We now have three great integral theorems, each connecting an integral over a region to an integral over its boundary:

Theorem	Interior	Boundary	Operator
Green's	Double integral over $R$	Line integral over $C$	$\text{curl}_z$ or $\text{div}$
Divergence	Triple integral over $R$	Surface integral over $S$	$\text{div}$
Stokes	Surface integral over $S$	Line integral over $C$	$\text{curl}$

The pattern is always the same: integral of a derivative over a region = integral of the function over the boundary. This is the generalized Stokes theorem, and it's one of the deepest ideas in all of mathematics.

Practice Problems - §5.12

From Kaplan, problems after §5.13

1 Verify Stokes's theorem for a hemisphere

Let $\mathbf{u} = y\,\mathbf{i} - x\,\mathbf{j} + z\,\mathbf{k}$ and let $S$ be the upper hemisphere $x^2 + y^2 + z^2 = 1$, $z \ge 0$, with upward normal. Verify Stokes's theorem by computing both sides.

Step 1: Compute the curl
$\text{curl}\,\mathbf{u} = \begin{vmatrix} \mathbf{i} & \mathbf{j} & \mathbf{k} \\ \partial/\partial x & \partial/\partial y & \partial/\partial z \\ y & -x & z \end{vmatrix} = (0-0)\,\mathbf{i} - (0-0)\,\mathbf{j} + (-1-1)\,\mathbf{k} = -2\,\mathbf{k}$

Step 2: Surface integral (right side)
On the hemisphere with upward normal, $\mathbf{n}\,d\sigma$ projected gives $dx\,dy$. Since $\text{curl}\,\mathbf{u} = -2\,\mathbf{k}$:
$\displaystyle\iint_S (\text{curl}\,\mathbf{u}\cdot\mathbf{n})\,d\sigma = \iint_{x^2+y^2 \le 1} (-2)\,dx\,dy = -2\pi$

Step 3: Line integral (left side)
The boundary is $C$: the unit circle in the $xy$-plane, traversed counterclockwise. Parametrize: $x = \cos t$, $y = \sin t$, $z = 0$, $0 \le t \le 2\pi$.
$\displaystyle\oint_C y\,dx - x\,dy + z\,dz = \int_0^{2\pi} [\sin t(-\sin t) - \cos t(\cos t)]\,dt = \int_0^{2\pi} (-1)\,dt = -2\pi$ ✓

2 Use surface independence to simplify

Let $\mathbf{u} = z\,\mathbf{i} + x\,\mathbf{j} + y\,\mathbf{k}$. Evaluate $\iint_S (\text{curl}\,\mathbf{u}\cdot\mathbf{n})\,d\sigma$ where $S$ is the paraboloid $z = 1 - x^2 - y^2$, $z \ge 0$, with upward normal.

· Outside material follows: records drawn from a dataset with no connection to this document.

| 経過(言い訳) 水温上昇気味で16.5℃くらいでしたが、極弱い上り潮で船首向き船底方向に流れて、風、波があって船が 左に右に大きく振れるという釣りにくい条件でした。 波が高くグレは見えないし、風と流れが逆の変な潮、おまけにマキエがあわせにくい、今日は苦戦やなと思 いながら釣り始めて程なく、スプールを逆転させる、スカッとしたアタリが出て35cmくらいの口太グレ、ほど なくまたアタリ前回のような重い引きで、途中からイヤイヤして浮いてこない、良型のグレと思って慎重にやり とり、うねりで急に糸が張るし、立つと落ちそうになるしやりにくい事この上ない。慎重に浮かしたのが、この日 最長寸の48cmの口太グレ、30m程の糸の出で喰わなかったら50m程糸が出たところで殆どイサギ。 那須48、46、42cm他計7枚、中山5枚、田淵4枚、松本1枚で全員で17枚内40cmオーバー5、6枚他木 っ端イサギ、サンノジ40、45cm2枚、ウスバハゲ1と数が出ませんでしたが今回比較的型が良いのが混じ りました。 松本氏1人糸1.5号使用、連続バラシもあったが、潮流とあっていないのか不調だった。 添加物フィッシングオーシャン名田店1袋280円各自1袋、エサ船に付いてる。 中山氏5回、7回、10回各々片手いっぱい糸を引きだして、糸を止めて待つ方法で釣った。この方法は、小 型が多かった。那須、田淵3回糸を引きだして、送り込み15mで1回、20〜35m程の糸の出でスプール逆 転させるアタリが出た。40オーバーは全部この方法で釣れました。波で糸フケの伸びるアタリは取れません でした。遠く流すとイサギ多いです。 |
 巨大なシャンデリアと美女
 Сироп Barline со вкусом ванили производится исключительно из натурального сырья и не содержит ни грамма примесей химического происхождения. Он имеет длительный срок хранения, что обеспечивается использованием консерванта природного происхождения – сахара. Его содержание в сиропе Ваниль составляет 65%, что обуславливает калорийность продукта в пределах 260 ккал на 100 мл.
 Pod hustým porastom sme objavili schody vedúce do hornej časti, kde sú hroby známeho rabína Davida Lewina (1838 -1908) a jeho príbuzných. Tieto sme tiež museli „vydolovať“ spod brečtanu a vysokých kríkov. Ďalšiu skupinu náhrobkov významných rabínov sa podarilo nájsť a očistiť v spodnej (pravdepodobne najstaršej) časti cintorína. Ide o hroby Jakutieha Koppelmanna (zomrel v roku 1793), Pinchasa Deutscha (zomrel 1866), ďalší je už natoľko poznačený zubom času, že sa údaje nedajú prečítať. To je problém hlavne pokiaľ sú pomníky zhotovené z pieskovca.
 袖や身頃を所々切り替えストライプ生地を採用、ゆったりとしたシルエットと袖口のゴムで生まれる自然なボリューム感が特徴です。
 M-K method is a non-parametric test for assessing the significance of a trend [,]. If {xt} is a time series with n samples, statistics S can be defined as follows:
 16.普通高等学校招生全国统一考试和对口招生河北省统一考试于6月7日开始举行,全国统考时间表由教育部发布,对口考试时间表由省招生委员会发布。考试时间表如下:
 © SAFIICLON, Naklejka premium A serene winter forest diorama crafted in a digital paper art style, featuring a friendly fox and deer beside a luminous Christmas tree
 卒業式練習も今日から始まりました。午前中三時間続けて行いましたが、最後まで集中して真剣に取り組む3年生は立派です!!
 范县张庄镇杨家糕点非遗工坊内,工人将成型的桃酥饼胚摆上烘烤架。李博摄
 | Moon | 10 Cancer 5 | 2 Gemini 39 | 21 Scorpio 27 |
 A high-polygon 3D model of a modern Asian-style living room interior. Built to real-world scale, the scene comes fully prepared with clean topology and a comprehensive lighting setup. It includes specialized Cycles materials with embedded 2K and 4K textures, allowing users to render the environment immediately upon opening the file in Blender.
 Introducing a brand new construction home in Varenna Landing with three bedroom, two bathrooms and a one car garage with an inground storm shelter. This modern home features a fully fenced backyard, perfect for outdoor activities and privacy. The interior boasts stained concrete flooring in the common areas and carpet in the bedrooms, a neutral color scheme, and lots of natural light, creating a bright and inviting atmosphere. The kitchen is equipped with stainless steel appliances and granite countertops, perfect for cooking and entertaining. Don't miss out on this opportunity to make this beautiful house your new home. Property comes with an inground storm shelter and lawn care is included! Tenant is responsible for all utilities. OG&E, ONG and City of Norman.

Step 1: Use Stokes to convert to a line integral
The boundary of $S$ is the circle $x^2 + y^2 = 1$, $z = 0$. By Stokes: $\iint_S (\text{curl}\,\mathbf{u}\cdot\mathbf{n})\,d\sigma = \oint_C z\,dx + x\,dy + y\,dz$

Step 2: Parametrize the boundary
$x = \cos t$, $y = \sin t$, $z = 0$, $0 \le t \le 2\pi$.
$dz = 0$, so the integral becomes $\int_0^{2\pi} [0 \cdot (-\sin t) + \cos t \cdot \cos t]\,dt = \int_0^{2\pi} \cos^2 t\,dt = \pi$

Note: We could also replace the paraboloid with the flat disk $x^2 + y^2 \le 1$, $z = 0$ (same boundary!) and compute the curl integral over that simpler surface. Both give $\pi$.